Brief = In the records below, repeat exactly the lines between the line holding "Featuring a heart" and the line holding "1台 【原産国】 日本 LCJ4D", inclusive, and drop the pictures.

Records for processing =
———

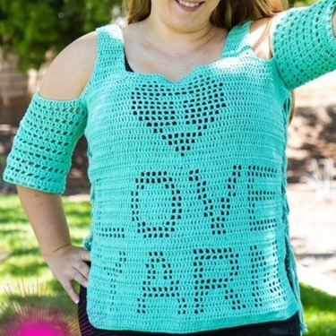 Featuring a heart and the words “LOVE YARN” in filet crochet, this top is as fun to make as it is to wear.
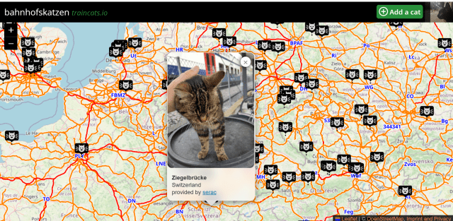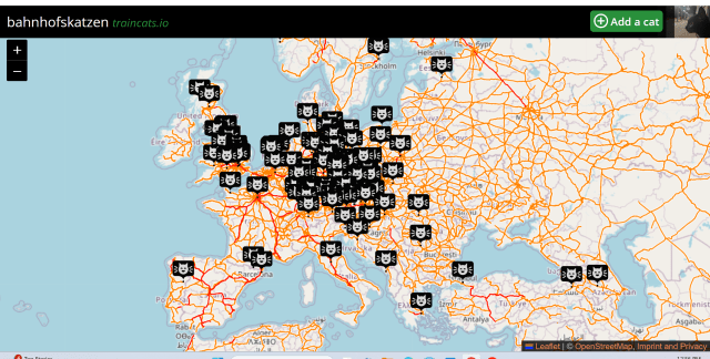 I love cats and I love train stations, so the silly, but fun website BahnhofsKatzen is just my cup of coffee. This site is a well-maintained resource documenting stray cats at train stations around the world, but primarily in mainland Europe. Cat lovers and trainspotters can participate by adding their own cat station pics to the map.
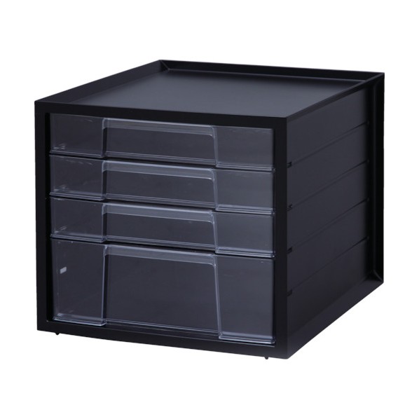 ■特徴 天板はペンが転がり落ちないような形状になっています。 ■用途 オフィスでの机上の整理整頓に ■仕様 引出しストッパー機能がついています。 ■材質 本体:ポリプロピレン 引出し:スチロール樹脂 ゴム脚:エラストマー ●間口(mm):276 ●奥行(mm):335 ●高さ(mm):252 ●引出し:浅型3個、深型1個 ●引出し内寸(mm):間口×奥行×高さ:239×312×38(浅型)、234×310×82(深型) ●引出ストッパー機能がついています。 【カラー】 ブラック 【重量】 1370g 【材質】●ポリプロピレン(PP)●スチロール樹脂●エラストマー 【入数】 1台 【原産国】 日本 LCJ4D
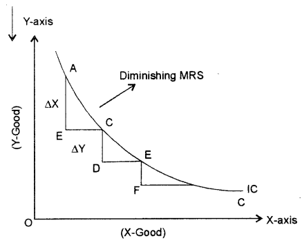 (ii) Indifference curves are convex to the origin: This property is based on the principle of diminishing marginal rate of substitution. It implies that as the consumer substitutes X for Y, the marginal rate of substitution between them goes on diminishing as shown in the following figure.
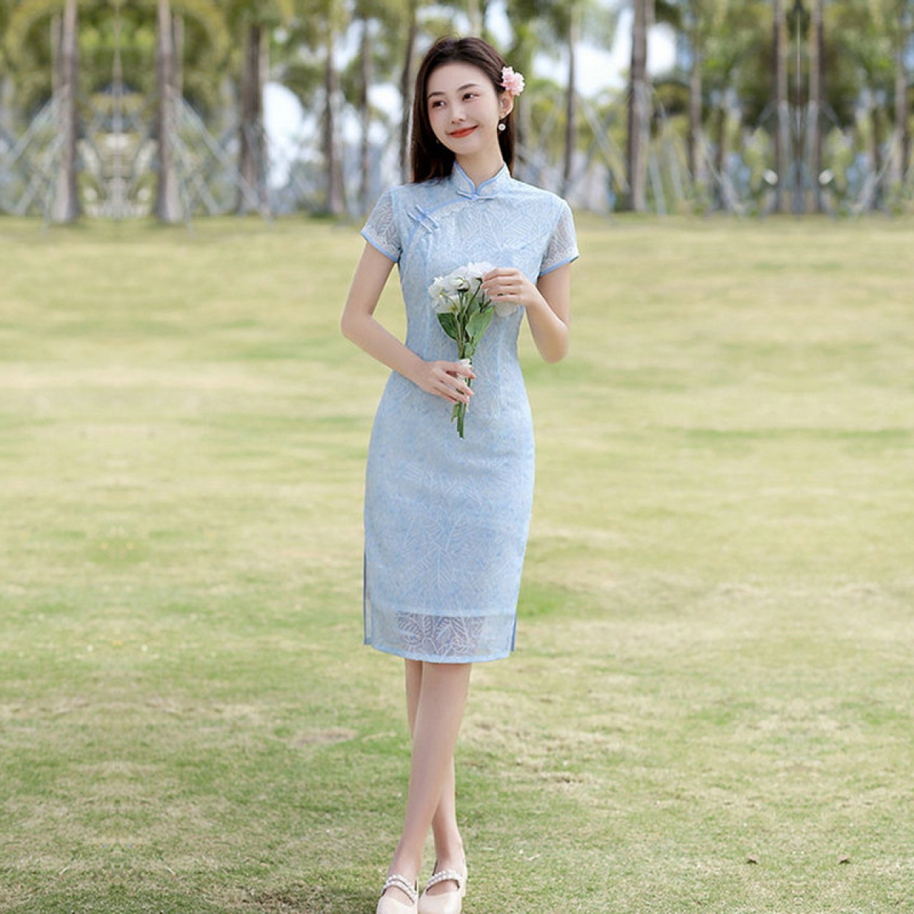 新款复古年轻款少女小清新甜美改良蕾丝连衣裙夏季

———

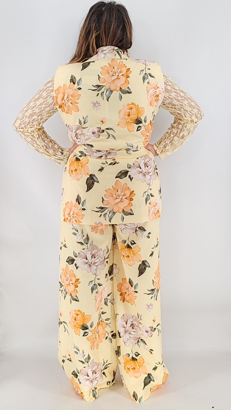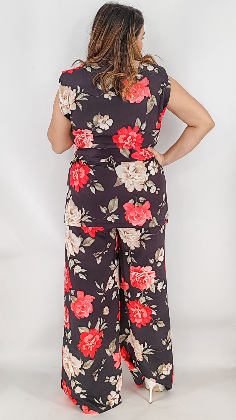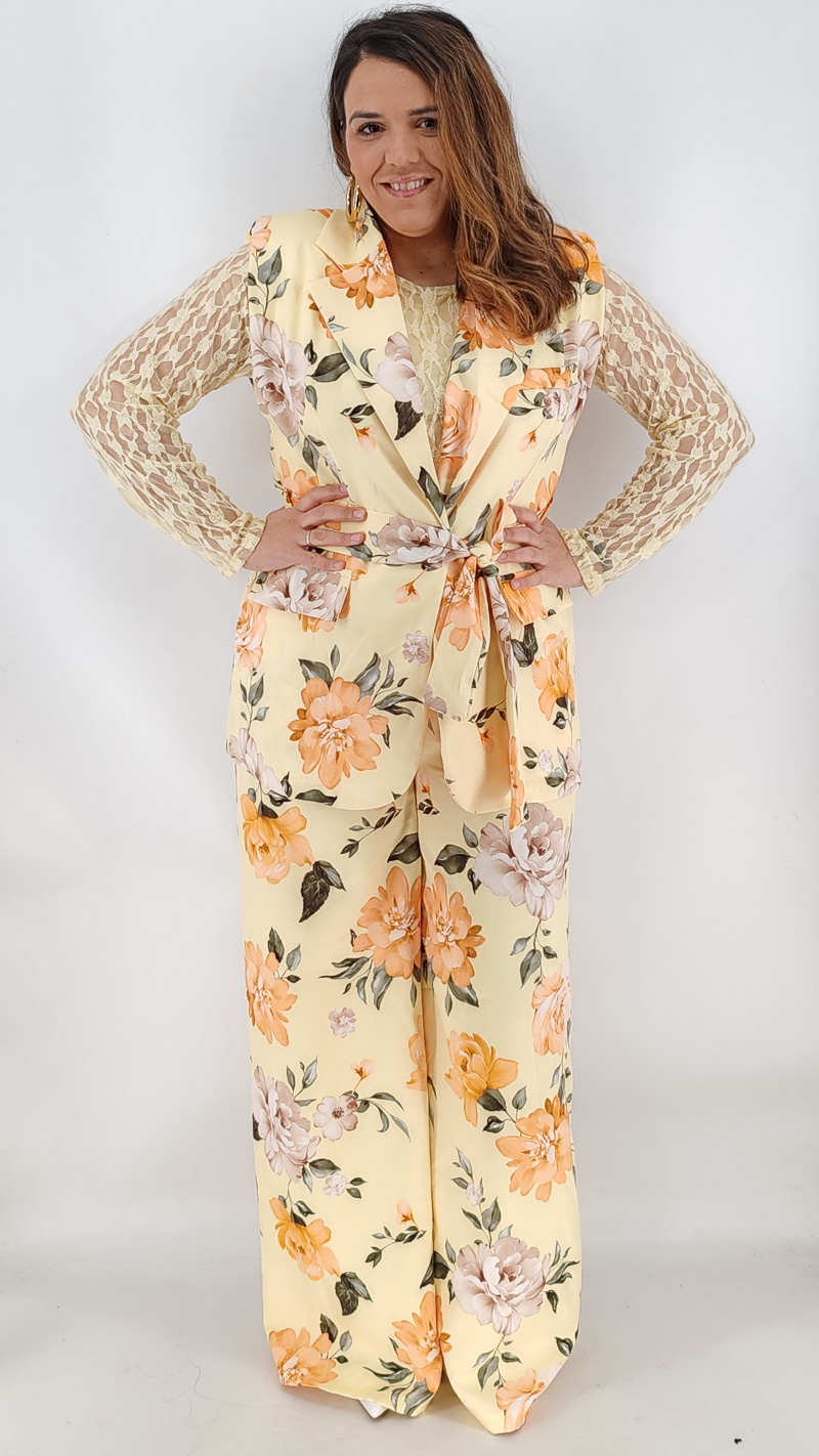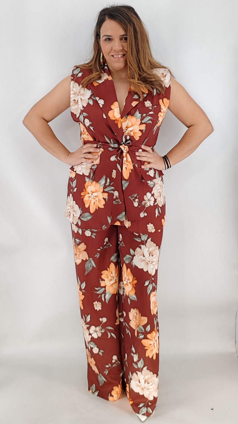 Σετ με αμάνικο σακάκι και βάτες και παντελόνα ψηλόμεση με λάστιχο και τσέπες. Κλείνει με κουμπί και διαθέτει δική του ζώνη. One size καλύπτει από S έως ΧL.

———

Solution to this exercise =
 Featuring a heart and the words “LOVE YARN” in filet crochet, this top is as fun to make as it is to wear.
 I love cats and I love train stations, so the silly, but fun website BahnhofsKatzen is just my cup of coffee. This site is a well-maintained resource documenting stray cats at train stations around the world, but primarily in mainland Europe. Cat lovers and trainspotters can participate by adding their own cat station pics to the map.
 ■特徴 天板はペンが転がり落ちないような形状になっています。 ■用途 オフィスでの机上の整理整頓に ■仕様 引出しストッパー機能がついています。 ■材質 本体:ポリプロピレン 引出し:スチロール樹脂 ゴム脚:エラストマー ●間口(mm):276 ●奥行(mm):335 ●高さ(mm):252 ●引出し:浅型3個、深型1個 ●引出し内寸(mm):間口×奥行×高さ:239×312×38(浅型)、234×310×82(深型) ●引出ストッパー機能がついています。 【カラー】 ブラック 【重量】 1370g 【材質】●ポリプロピレン(PP)●スチロール樹脂●エラストマー 【入数】 1台 【原産国】 日本 LCJ4D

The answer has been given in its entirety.